Is greater continuity of care associated with less emergency department utilization?

Pediatrics. 1999 Apr;103(4 Pt 1):738-42. doi: 10.1542/peds.103.4.738.

Abstract

Background: The benefits of continuity of care (COC) have not been firmly established for pediatric patients.

Objective: To assess whether greater COC is associated with lower emergency department (ED) utilization.

Setting: Outpatient teaching clinic at Children's Hospital and Regional Medical Center, Seattle, WA.

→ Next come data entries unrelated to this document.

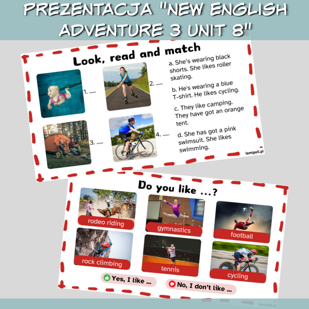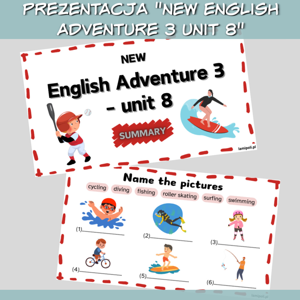 13 slajdów pełnych zadań tematycznych sprawdzających znajomość materiału z New English Adventure 3 Unit 8.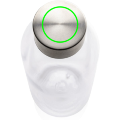 Leakproof water bottle with metallic lid, transparent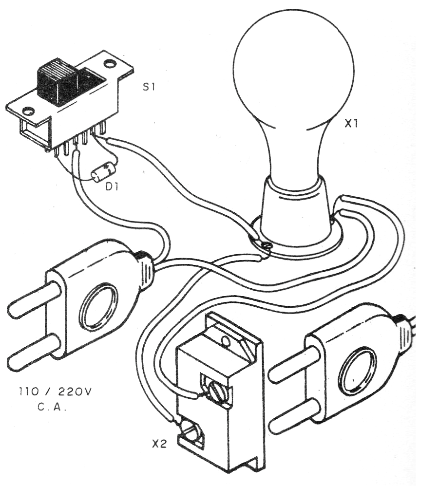 Si la red es de 110 V podremos usar el 1N4004 o 1N4007, pero en la red de 220 V debemos usar el 1N4007. La lámpara es incandescente pequeña, hasta 5 W, por ejemplo.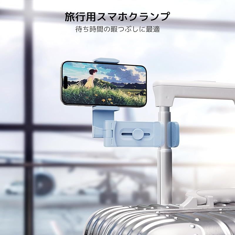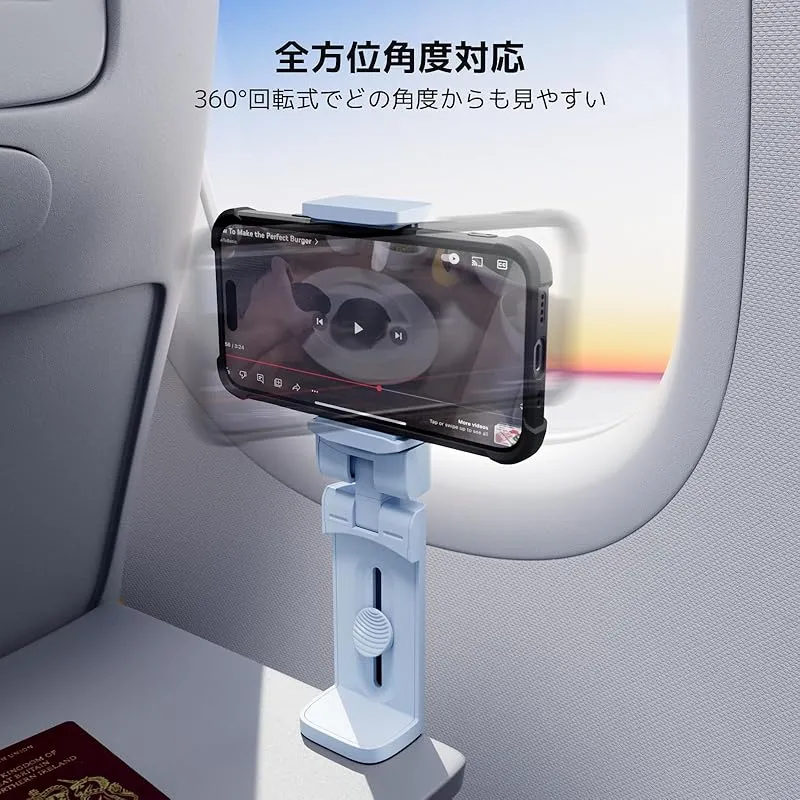 【各場所で大活躍スマホホルダー】卓上、デスク天板の端、飛行機客室の折りたたみ式トレイ、スーツケースのキャリーバー、どこでも設置可能です。オフィス、ベッドサイド、キッチン、ジム、ホテル、車内などの場所で、両手を解放して自撮り、動画視聴、ビデオ通話などを楽しみます。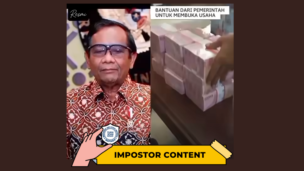 - Unggahan video berisi klaim “Mahfud MD bagi-bagi bansos hasil perampasan aset” merupakan konten tiruan (impostor content).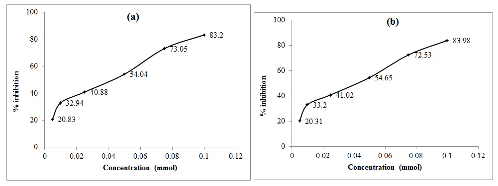 Fig. 7: Percentage inhibition of DPPH (10-2 mmol) at various concentrations of (a) curcumin and (b) nanostarch loaded curcumin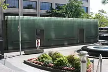 In 1982, plans were unveiled to redevelop Jeannette Park into a memorial for veterans of the Vietnam War.[6] The architects Peter Wormser and William Fellows and the writer Joseph Ferrandino won a competition to design it.[5] The Vietnam Veterans Memorial Commission raised private donations of $2.5 million ($1 million from Donald Trump, who served as co-chairman of the commission) to finance the memorial in 1983.[7][8] The park was officially renamed Vietnam Veterans Plaza on July 20, 1983.[9] The next year, it was announced that the plaza would contain a memorial wall, similar to that at the Vietnam Veterans Memorial but made of glass blocks.[10][11] It was dedicated on May 6, 1985, by then-mayor Edward I. Koch to honor the 1,741 citizens of the city who died during the Vietnam War and the 250,000 men and women who served between 1964 and 1975.[12]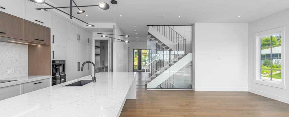 Exquisite Modern Corner Home with Panoramic Downtown Views. This striking luxury contemporary corner home, is perfectly positioned in one of Calgary’s most sought after inner city neighbourhoods. From the moment you arrive, the home’s bold architecture, oversized windows, and meticulously landscaped, low maintenance yard with automatic irrigation, make a lasting impression. Step inside to soaring ceilings and sun drenched spaces that immediately evoke a sense of openness. The formal dining area, surrounded by windows, is ideal for entertaining, while a discreet powder room and custom wine storage add subtle touches of luxury. At the heart of the home, the chef’s kitchen impresses with premium Fisher & Paykel appliances, elegant quartz countertops, statement tile, and a butler’s pantry to keep everything organized. The oversized island is perfect for cooking, gathering, or casual dining, and the cozy breakfast nook opens onto a private terrace, seamlessly connecting indoor and outdoor living. The family room is anchored by a dramatic floor to ceiling stone fireplace and provides direct access to the terrace with sweeping downtown views, perfect for relaxing evenings or weekend entertaining. A striking glass enclosed staircase adds architectural drama while allowing natural light to flow throughout the home. Upstairs, the luxurious primary suite serves as a private retreat. It features dual custom closets, a built-in vanity, and a spa inspired ensuite with heated floors, a deep soaker tub with downtown views, double sinks, a rainfall steam shower, and high-end finishes. Two additional bedrooms offer flexible space for children, guests, or home offices, with a full bathroom that also includes in-floor heating and ample storage. The upstairs laundry room, equipped with high-end washer and dryer and abundant cabinetry, makes daily tasks effortless. The fully developed lower level expands your living space with a spacious recreation room, custom wet bar with wine fridge and integrated dishwasher, perfect for entertaining. Radiant in-floor heat ensures comfort year round. A fourth bedroom and full bathroom provide additional space for guests or teens, while an oversized mudroom with smart storage connects directly to the heated double garage. Additional features include central AC, integrated lighting, and high-end Hunter Douglas remote operated blinds throughout, fully programmable via app for complete convenience and privacy control. This home blends luxury, style, and practical functionality, with a location that puts the best of Calgary’s inner city right at your doorstep. Don’t miss this rare opportunity to own a home that elevates both everyday living and entertaining. Please see 3D tour and video.

Patients: All 785 Medicaid managed care children ages 0 to 19 years followed at Children's Hospital and Regional Medical Center between 1993 to 1997 who had at least four outpatient visits.

Methods: Retrospective claims-based analysis. COC was quantified based on the number of different care providers in relation to the number of clinic visits.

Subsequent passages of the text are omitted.